Read This Side of Glory Online
Authors: Gwen Bristow
Tags: #Fiction, #Historical, #Romance, #General, #Sagas
“Swell layout you got here,” he observed. “Now where’s the stuff you want me to look at?”
Eleanor had had the servants move it all into a back room downstairs. She saw Dilcy and Bessie now, regarding the new arrival as Cameo had done. “Will yo’ guest have some coffee, miss?” Bessie inquired with polite disdain.
“No time for coffee,” said the guest briskly. “Where—”
“In this room,” said Kester, opening a door, but the dealer had paused before the two companion portraits hung at the foot of the stairs. “Mhm,” he said, nodding with approval. “Romantic. How much you want for those?”

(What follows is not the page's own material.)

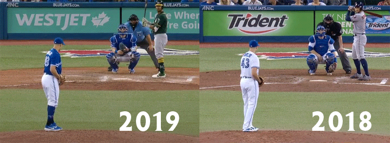 Exhibit A: His delivery to the mound from 2018 and this year. Basically, no difference.

“They are not for sale,” said Kester. “Will you come in here, please?”
“Well, you needn’t freeze on it. What’d you bring me up here for if you didn’t want money?”
As this sort of trade was obviously not to Kester’s liking, Eleanor took charge. “It’s all in here,” she said briskly, leading them into the back room. “This tip-table, as you can see, is solid rosewood. This nest of tables is made up of six, fitting one within the other—”
“Sure, I see.” He bent down, tapping the wood and looking for wormholes. Eleanor nodded sagely. She had been right; this fellow wouldn’t waste time talking. He knew his business.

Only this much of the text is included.